Create subsets based on output of the value

My dataset looks as follows:

Area	Year	Value	Crop
Afghanistan	1961	1000	Corn
Afghanistan	1961	1100	Potato
Afghanistan	1961	1200	Wheat
Afghanistan	1962	1304	Potato
Afghanistan	1962	1923	Corn
Bhutan	1961	1236	Corn
Bhutan	1961	1836	Potato
Bhutan	1961	1031	Wheat
Bhutan	1962	1111	Corn

I have a total of 60 years of data under consideration, with each country able to contain a max of one row per crop per year- to a total of 240 rows per year.

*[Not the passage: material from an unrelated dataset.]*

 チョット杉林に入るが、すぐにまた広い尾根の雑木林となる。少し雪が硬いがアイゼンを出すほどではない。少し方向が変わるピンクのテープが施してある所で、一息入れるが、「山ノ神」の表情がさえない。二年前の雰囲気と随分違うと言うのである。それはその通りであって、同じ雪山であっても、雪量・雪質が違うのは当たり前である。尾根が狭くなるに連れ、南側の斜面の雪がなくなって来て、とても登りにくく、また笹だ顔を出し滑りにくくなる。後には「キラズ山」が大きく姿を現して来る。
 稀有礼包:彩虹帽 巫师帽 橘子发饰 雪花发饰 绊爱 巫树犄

I have used the .value_counts function to evaluate which countries are not whole and would like to create a subset containing only the countries that have a complete set of data (ie. where the .value_counts function returned a value of 240 for that country).

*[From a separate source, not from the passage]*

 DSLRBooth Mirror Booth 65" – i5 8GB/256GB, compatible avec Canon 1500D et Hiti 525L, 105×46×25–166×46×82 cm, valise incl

I have tried doing this as follows: df_240 = df.loc[df["Area"].value_counts == 240] however I am having no luck.

The error I am recieving is:

KeyError: 'False: boolean label can not be used without a boolean index'

CodePudding user response：

This is what you are looking for:

df1 = df.groupby(["Area", "Year"]).filter(lambda x: len(x) == 240)

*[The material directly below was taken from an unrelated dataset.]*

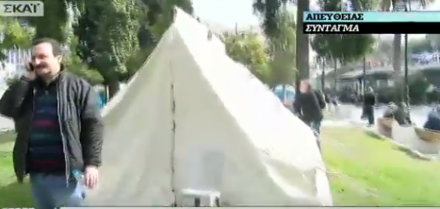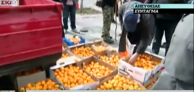 Στο Σύνταγμα βρίσκονται αγρότες του μπλόκου των Μεγάλων Χωραφιών οι οποίοι έχουν στήσει τις σκηνές τους ενώ με αγροτικό τους μοιράζουν μανταρίνια στους περαστικούς και τους ενημερώνουν για τον αγώνα τους.

CodePudding user response：

Here is grouping by 'Area' and fetching 'Year' data is passed to transform where 'count' is used for counting. It turns out a logical mask, which is substituted for selecting rows. Indexes are dropped and drop=True is applied.

import pandas as pd

ind = df.groupby('Area')['Year'].transform('count') >= 240
df1 = df[ind].reset_index(drop=True)

print(df1)